Double Haven or Yan Chau Tong () is a harbour enclosed by Double Island, Crescent Island and Crooked Island within the north-eastern New Territories of Hong Kong. It is known for its scenery and natural environment, and for the calm seas from which its English name derives. Double Haven contains many deep red coloured rocks because of iron oxide.

Villages in Double Haven
 Lai Chi Wo ()
 Sam A Tsuen ()
 Kat O ()

Islands
Islands within Double Haven include:

 Chap Mo Chau
 Double Island (Wong Wan Chau)
 Fu Wong Chau
 Kat O (Crooked Island)
 Ngo Mei Chau (Crescent Island)
 Pak Ka Chau
 Yan Chau

Conservation
Parts of the haven fall within Yan Chau Tong Marine Park () to protect the wildlife of the marine creatures.

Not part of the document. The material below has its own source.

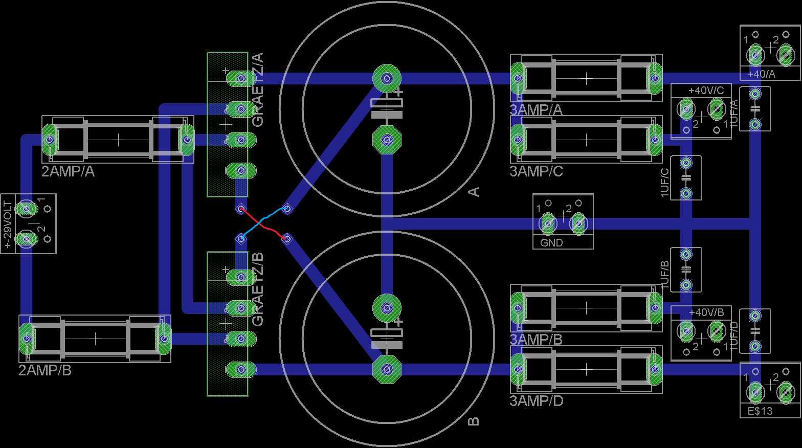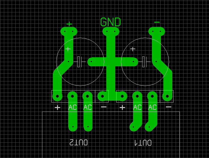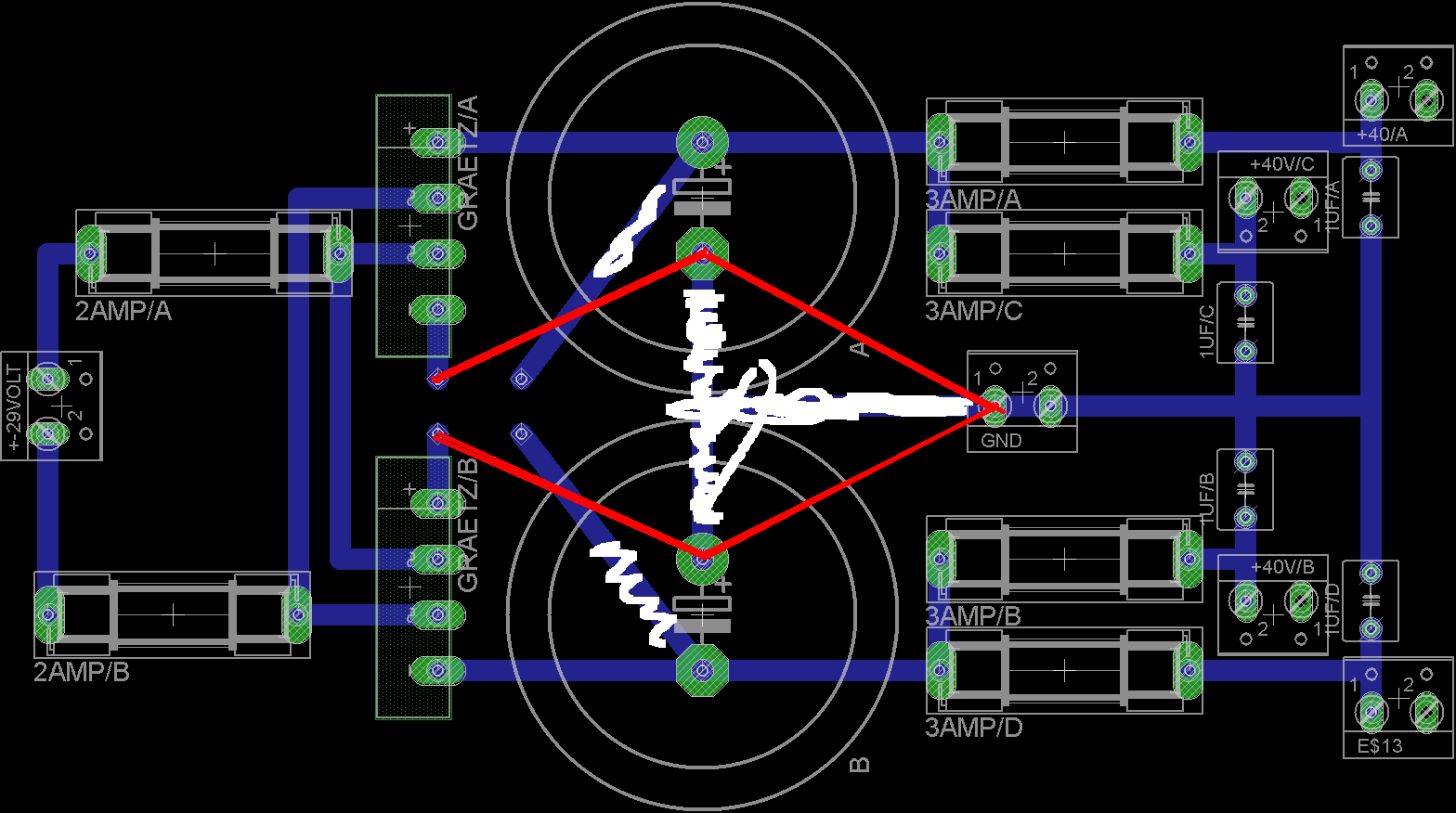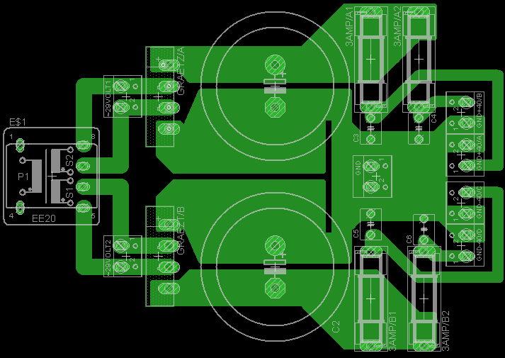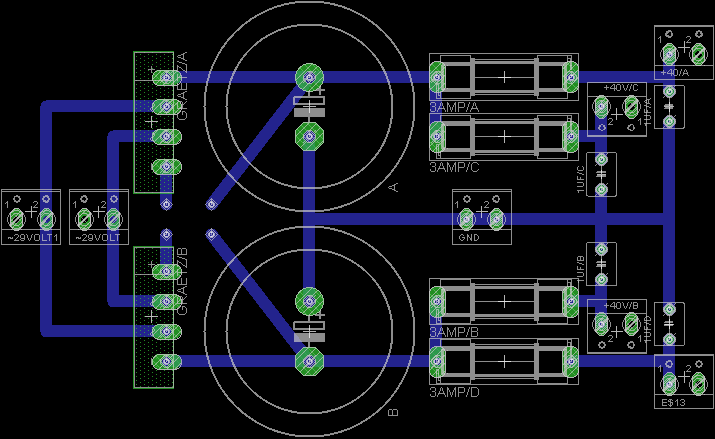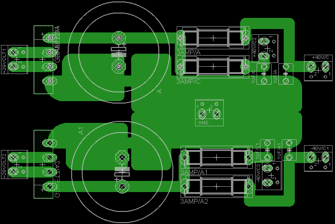 Ügyelni kell a graetz és az elkokat összekötő fólia vezetésére, mert könnyen brumm keletkezhet, ezért kell különválasztani a GND szakaszát az elkok pontjainál.

Plover Cove (Extension) Country Park was designated in 1979 to protect the ecology of Double Haven. It also forms a major part of Hong Kong Global Geopark, Northeast New Territories Sedimentary Rock Region.The two main ecological features of this area are mangroves and seagrass beds, which are a nursery for marine life.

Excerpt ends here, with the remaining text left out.